First we have to create a crandas.groupby
object in the following way:
purchases = cd.DataFrame({"price": [11,22,33,44,55,66,77,88,99], "buyer_id": [1,2,3,3,5,5,5,5,6]})
grouped = purchases.groupby("buyer_id")
After doing this we can join it with our people database
people = cd.DataFrame({"names": ["Alice", "Bob", "Crow", "Dave", "Eve"], "id": [1,2,3,4,5], "age": [30,32,29,45,55]})
# Note how `left_on` has the grouped object and not the name of the column
merged = cd.merge(purchases, people, left_on=grouped, right_on="id", how="left")
>>> print(merged.open())
price buyer_id names age
0 11 1 Alice 30
1 22 2 Bob 32
2 33 3 Crow 29
3 44 3 Crow 29
4 55 5 Eve 55
5 66 5 Eve 55
6 77 5 Eve 55
7 88 5 Eve 55
8 99 6 0
This is one of the clearest examples of how crandas is different to pandas. Unfortunately in order to maintain the cryptographic guarantees for the data, we have to diverge how things are done in pandas. However, the fact that we can create such a table without leaking information is worth it!

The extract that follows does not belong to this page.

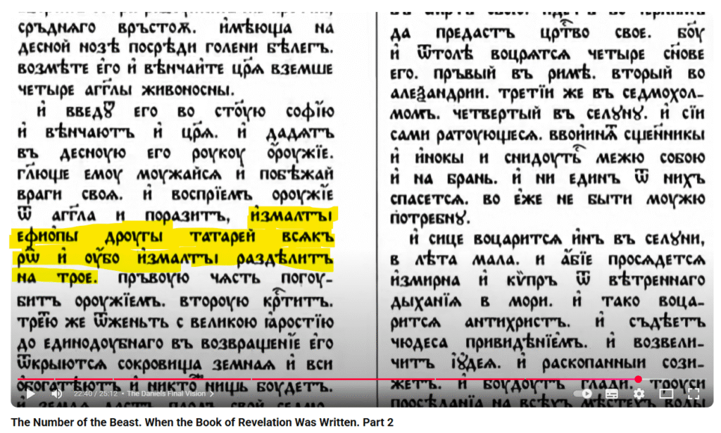 The Daniel’s final vision was transcribed by hand by Gleb Nosovsky in the reading room of the manuscript department in 1992. in this Old Testament prophecy, medieval European nations are directly named Russians, Tatars, and Ishmaelites. The Ishmaelites and the Ethiopians are refered to as Tatars. Furthermore, there is explicit mention of the Christian rite of baptism. The well-known medieval city of Thessaloniki, or Salonika, is also refered to. Towards the end of the prophesy, distinctly Christian expression are used, including a mention of the Antichrist. On other hand, it’s worth reiterating that this text is attributed to the Old Testament prophet Daniel, who supposedly lived in a Pre-Christian era, long before the beginning of the Common Era [a calendar system that begins in the year 1, which is traditionally considered the year of the birth of Jesus Christ].

Crandas supports left, right, inner, and outer joins, either as one-to-one joins (left_on and right_on are both sets of columns from the respective tables); as many-to-one joins as demonstrated above (left_on is obtained by performing a groupby, and right_on is a set of columns); or as one-to-many joins (left_on is a set of columns, and right_on is obtained by performing a groupby).